Per i suoi simboli e le sue iscrizioni, quello coniato a Roma nel 62 a.C. è stato a lungo considerato un denario portafortuna: ecco la sua storia
di Antonio Castellani | Le monete, si sa, hanno da sempre non solo un uso primario di denaro, ma anche utilizzi “accessori” come oggetti decorativi, segni di riconoscimento, manufatti devozionali e e perfino portafortuna.
E’ quanto è accaduto ad un denario romano della gens Scribonia che è stato considerato per molto tempo come una delle coniazioni in grado di propiziare la buona sorte e, come tale, montato a ciondolo e indossato da uomini e donne.

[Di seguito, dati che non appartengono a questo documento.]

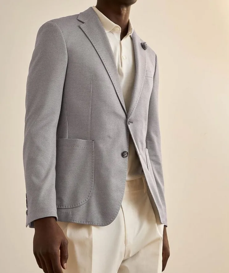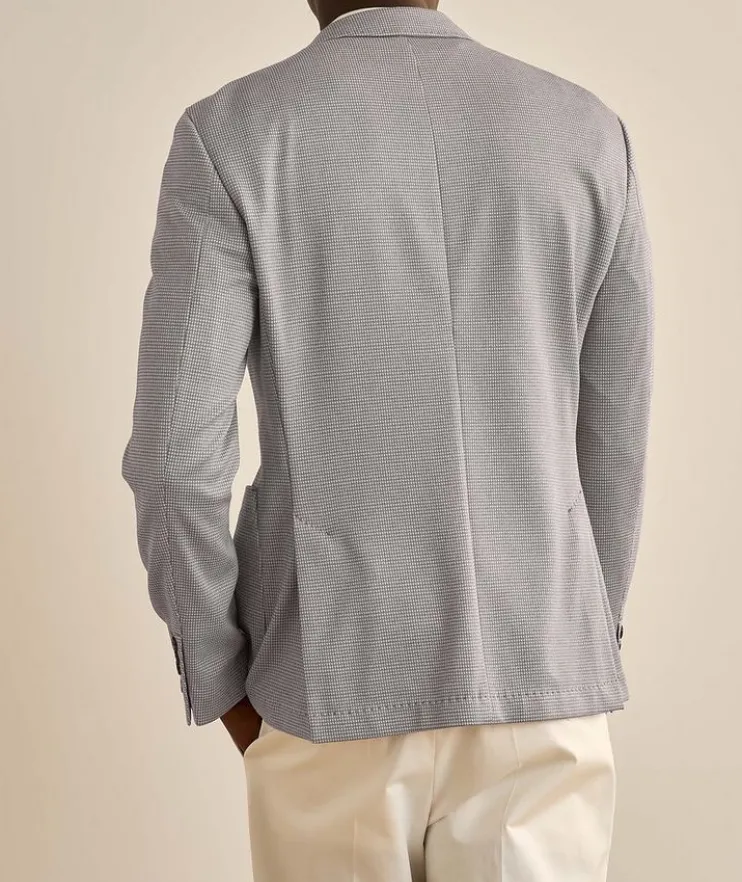 - Cut in an unstructured single-breasted silhouette, this slim-fit sport jacket features a mini-houndstooth check pattern with floral pin detail and is perfect in casual and formal settings.

Meno male che si tratta di una moneta abbastanza comune e quindi facilmente reperibile senza essere stata compromessa nella sua integrità da aggrappi o da un anello portativo. Ma a cosa deve la nostra moneta questa sua fama?
Furono circa ottanta le famiglie romane che, nella storia, espressero tra i loro membri dei magistrati monetari i quali apposero – durante la Repubblica – i propri nomi sulle monete.
Tra queste famiglie c’è la gens Scribonia che annovera ben due magistrati monetari: il primo fu C. Scribonius Curio (204 a.C.) e il secondo L. Scribonius Libo (62 a.C.).
La moneta in questione venne battuta a nome di quest’ultimo, collega di Paolo Emilio Lepido e suocero di Pompeo. Il console Libone Scribonio fu uno dei più allegri e fortunati uomini dell’epoca Repubblicana romana.
Quando ebbe l’onore di coniar moneta, sia perché riteneva la propria famiglia oriunda di Benevento, sia perché da buon pagano era devotissimo al Genio della Fortuna che si chiamava Bonus Eventus e che aveva un tempio a Roma presso il Pantheon, fece incidere sul suo denario d’argento la testa del Buon Evento con intorno il suo nome abbreviato BON EVENT. Nome che – per singolare combinazione – coincide esattamente con una beneaugurante frase in lingua francese.
Dietro la testa del Genio prediletto, che lo aveva sempre assistito, il magistrato pose poi la parola LIBO che era nient’altro che il suo nome ma che significava anche – e lui lo sapeva benissimo – “Io bevo!”.
Più fortunata di così: testa della Fortuna, nome della Fortuna e un nome che per fortunata combinazione suona come un brindisi di augurio. C’è da giurarci che Libone Scribonio festeggiò la coniazione della sua moneta con una coppa colma di Falerno.
Al rovescio del “denario portafortuna” appare nel campo un pozzo, ornato di lire e ghirlande, con sotto delle tenaglie o un martello o una incudine. E’ il pozzo della famiglia Scribonia, che si trovava nel tempio dedicato alla Fortuna; sopra c’è la scritta PVTEAL e sotto SCRIBON (abbreviazione per SCRIBONIARVM). PUTEAL in latino indica appunto un pozzo eretto in un luogo sacro.
Il pozzo venne restaurato da Libone e da lui prese il nome di PVTEAL LIBONIS. Secondo alcuni autori, invece, il pozzo va identificato con quello che si trovava nel Foro, vicino all’Arco di Fabio, sotto il quale era nascosto il famoso rasoio dell’augure Attonavio, presso cui i feneratores (coloro che prestavano denaro a prestito) si ritrovavano per concludere i loro affari. Affari propziati, chissà, anche dal nostro… denario portafortuna!